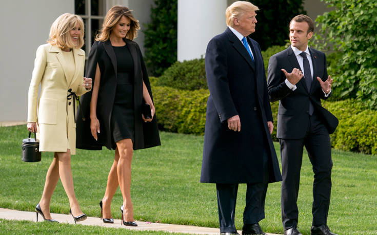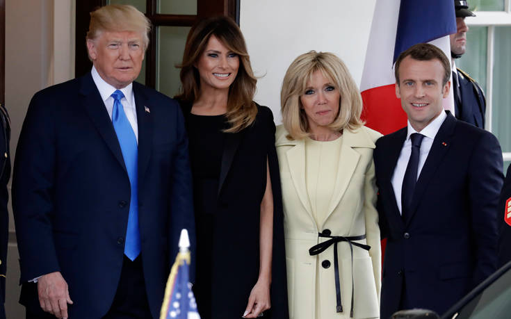 Για να υποδεχτεί στον Λευκό Οίκο τους επίσημους καλεσμένους της, η Μελάνια επέλεξε τη διαχρονική κομψότητα ενός μαύρου φορέματος σε ίσια γραμμή του οίκου Dolce & Gabbana το οποίο συνδύασε με μαύρη κάπα του γαλλικού οίκου Givenchy. Απέναντι της, η Μπριζίτ Μακρόν, πιστή στον οίκο Vuitton, διάλεξε ένα σύνολο --φόρεμα και μαντό-- στο χρώμα της σαμπάνιας, με ασύμμετρη μαύρη λεπτή ζώνη που έδενε με φιόγκο.
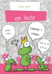 Schattige verjaardagsuitnodiging van TMS, met een kikkerkoning op de voorkant. Maak de uitnodiging extra persoonlijk door een eigen naam op de voorkan toe te voegen.
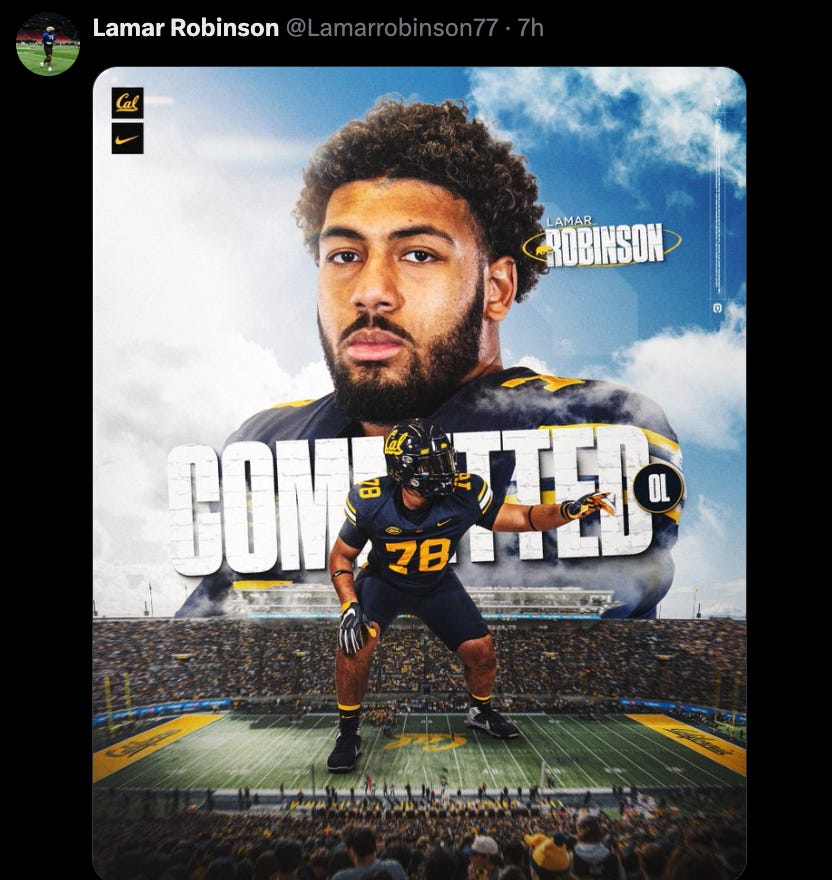 The California Golden Bears needed new linemen to fix their most disappointing unit of 2024. This weekend was a huge step in the right direction, with three huge commits. The latest one was Lamar Robinson.
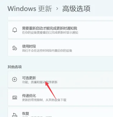 4、进入高级选项“可选更新”。
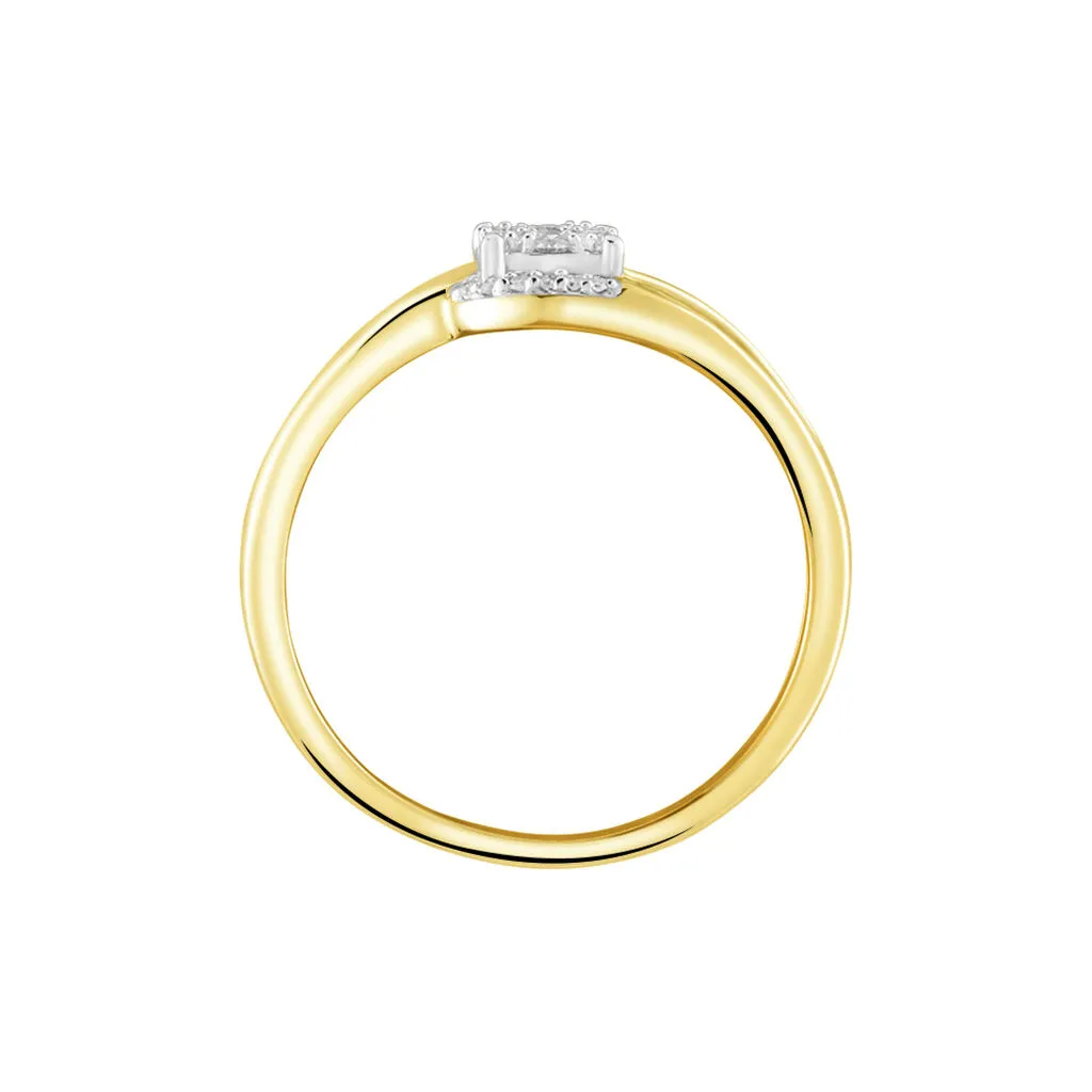 Bague Or Jaune 375/1000 Multipierre Accompagne Vrille Pavage Diamants
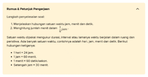- Untuk konsep dasar “1 jam = 60 menit”, juga dijelaskan secara rinci dalam Modul Ajar Matematika – Waktu dan Durasi (Jam, Menit, Detik) oleh KemdikbudKur2021.
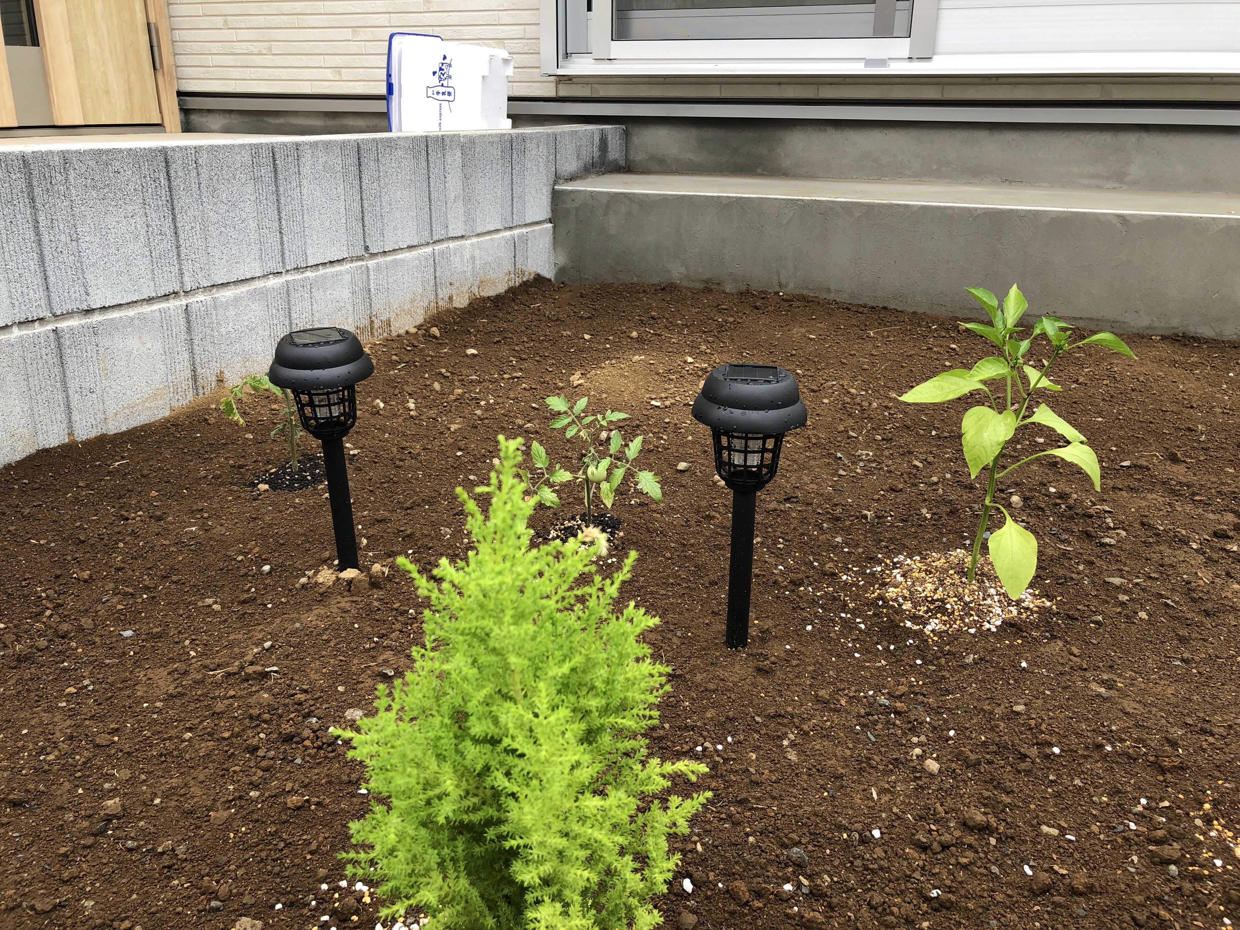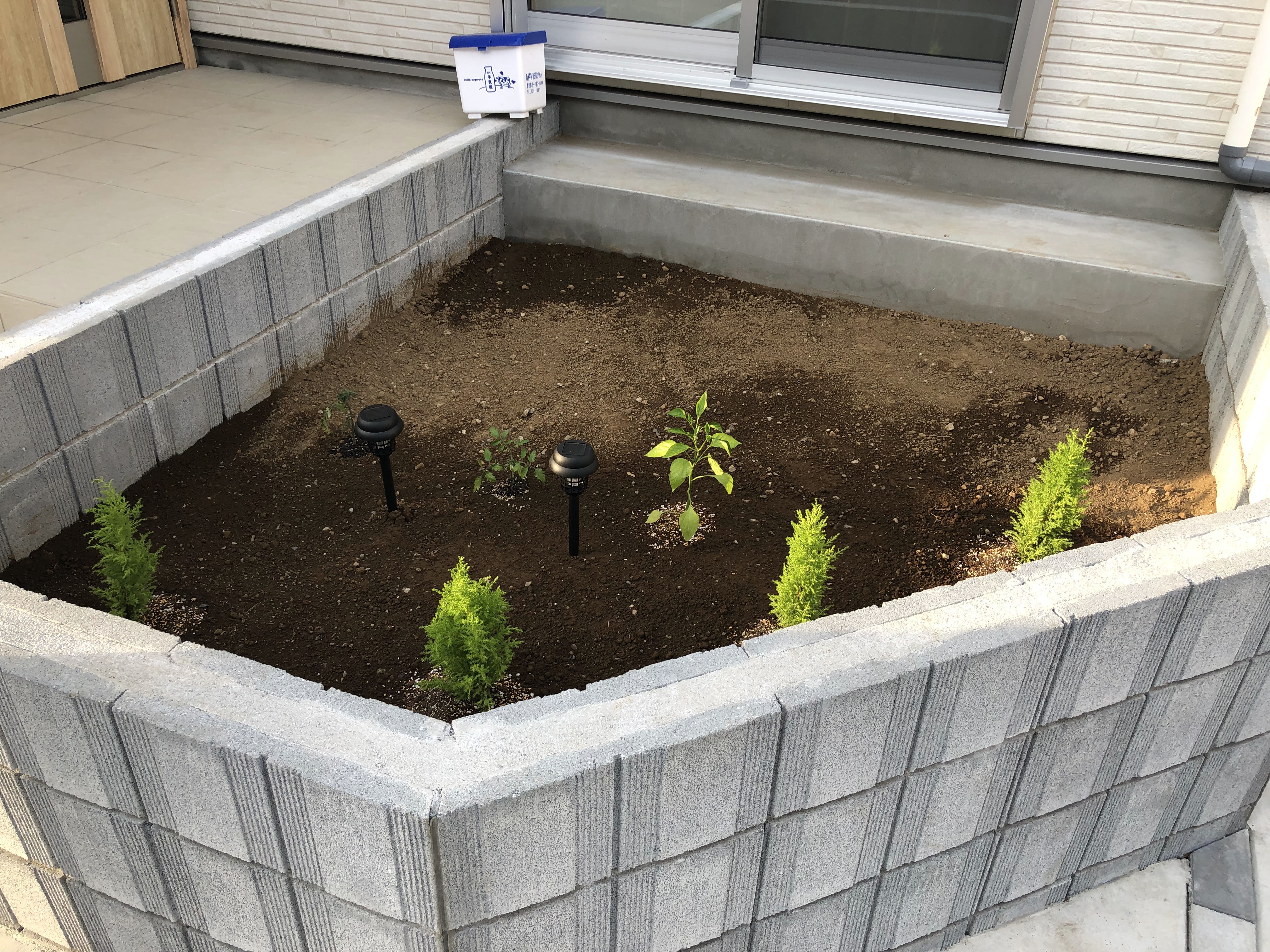 안돼겠다 싶어서 우선 화단 물받이에 영양토를 깔고 그 위에 뿌려주기로 했습니다.
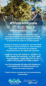 Triple A indicó que, una vez culminen los trabajos, el servicio será restablecido de forma gradual en las zonas afectadas. La empresa ofreció disculpas a la comunidad por las molestias ocasionadas y recomendó a los usuarios almacenar agua con anticipación para atender sus necesidades básicas durante el tiempo de la suspensión.
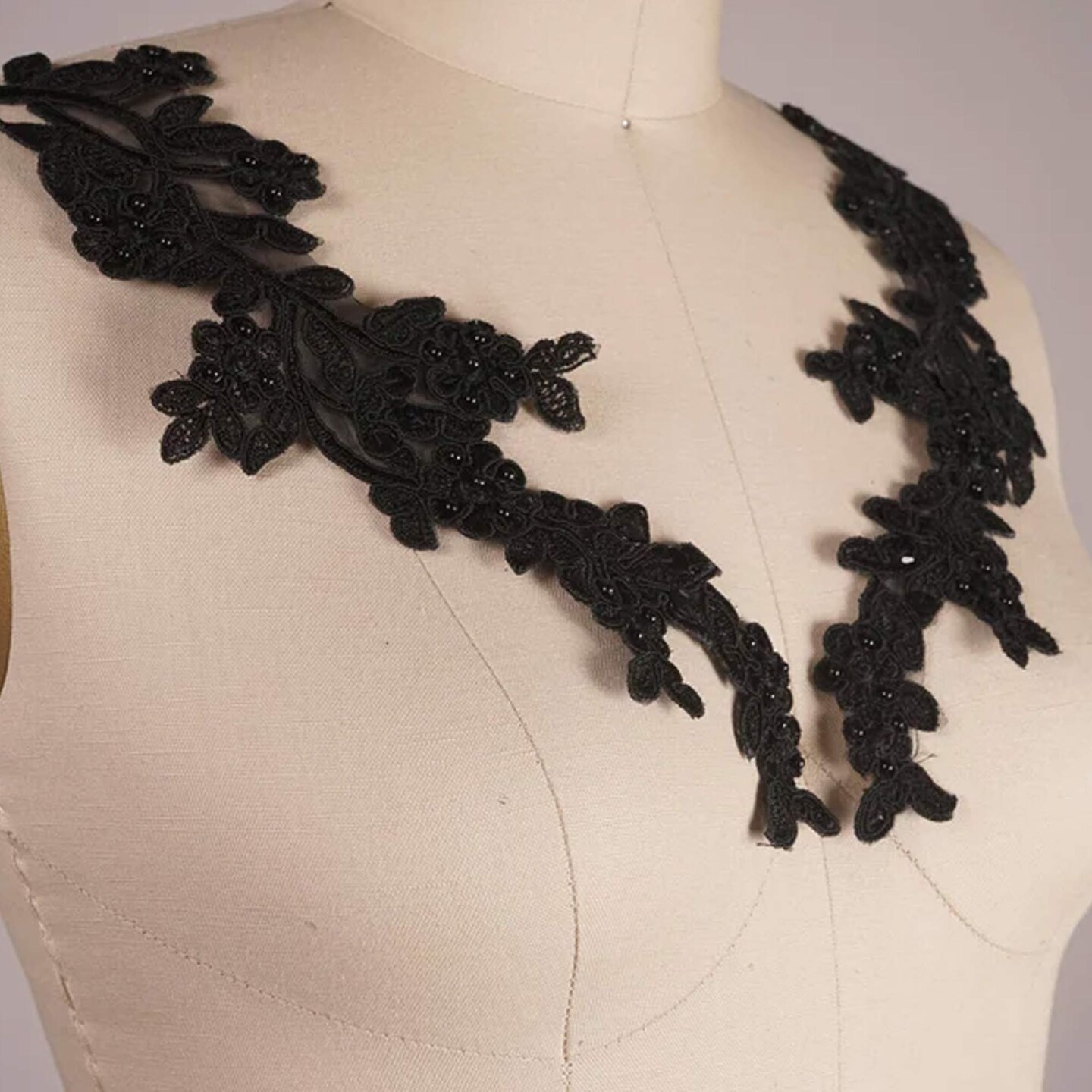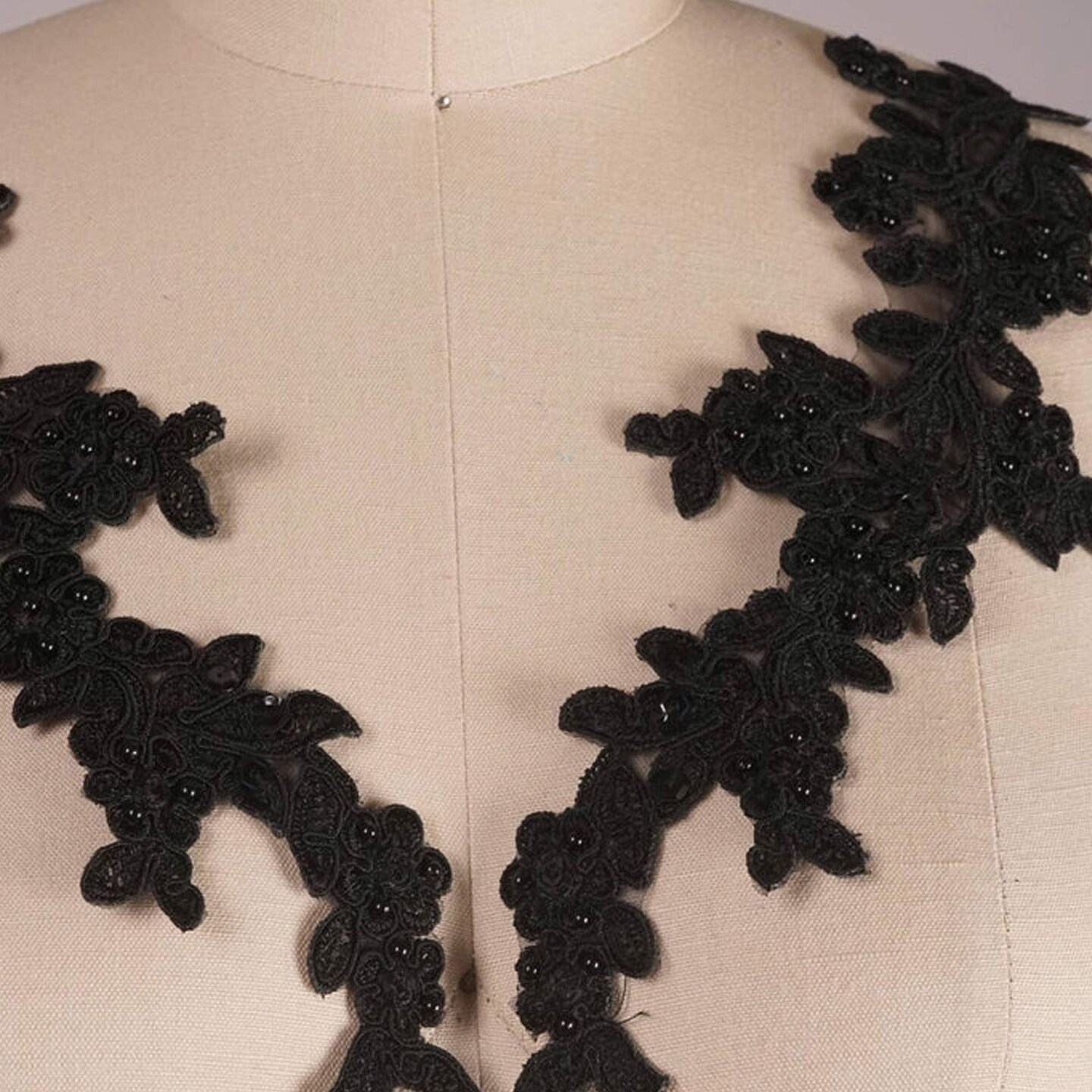 1 Pair Black Beaded Lace Appliqué 10 Inch Floral Embroidered Sequined

^^^^

### [PROMPT]
Output each record verbatim, but skip anything that is a picture.

### [RESPONSE TO THE EXERCISE]
 Για να υποδεχτεί στον Λευκό Οίκο τους επίσημους καλεσμένους της, η Μελάνια επέλεξε τη διαχρονική κομψότητα ενός μαύρου φορέματος σε ίσια γραμμή του οίκου Dolce & Gabbana το οποίο συνδύασε με μαύρη κάπα του γαλλικού οίκου Givenchy. Απέναντι της, η Μπριζίτ Μακρόν, πιστή στον οίκο Vuitton, διάλεξε ένα σύνολο --φόρεμα και μαντό-- στο χρώμα της σαμπάνιας, με ασύμμετρη μαύρη λεπτή ζώνη που έδενε με φιόγκο.
 Schattige verjaardagsuitnodiging van TMS, met een kikkerkoning op de voorkant. Maak de uitnodiging extra persoonlijk door een eigen naam op de voorkan toe te voegen.
 The California Golden Bears needed new linemen to fix their most disappointing unit of 2024. This weekend was a huge step in the right direction, with three huge commits. The latest one was Lamar Robinson.
 4、进入高级选项“可选更新”。
 Bague Or Jaune 375/1000 Multipierre Accompagne Vrille Pavage Diamants
- Untuk konsep dasar “1 jam = 60 menit”, juga dijelaskan secara rinci dalam Modul Ajar Matematika – Waktu dan Durasi (Jam, Menit, Detik) oleh KemdikbudKur2021.
 안돼겠다 싶어서 우선 화단 물받이에 영양토를 깔고 그 위에 뿌려주기로 했습니다.
 Triple A indicó que, una vez culminen los trabajos, el servicio será restablecido de forma gradual en las zonas afectadas. La empresa ofreció disculpas a la comunidad por las molestias ocasionadas y recomendó a los usuarios almacenar agua con anticipación para atender sus necesidades básicas durante el tiempo de la suspensión.
 1 Pair Black Beaded Lace Appliqué 10 Inch Floral Embroidered Sequined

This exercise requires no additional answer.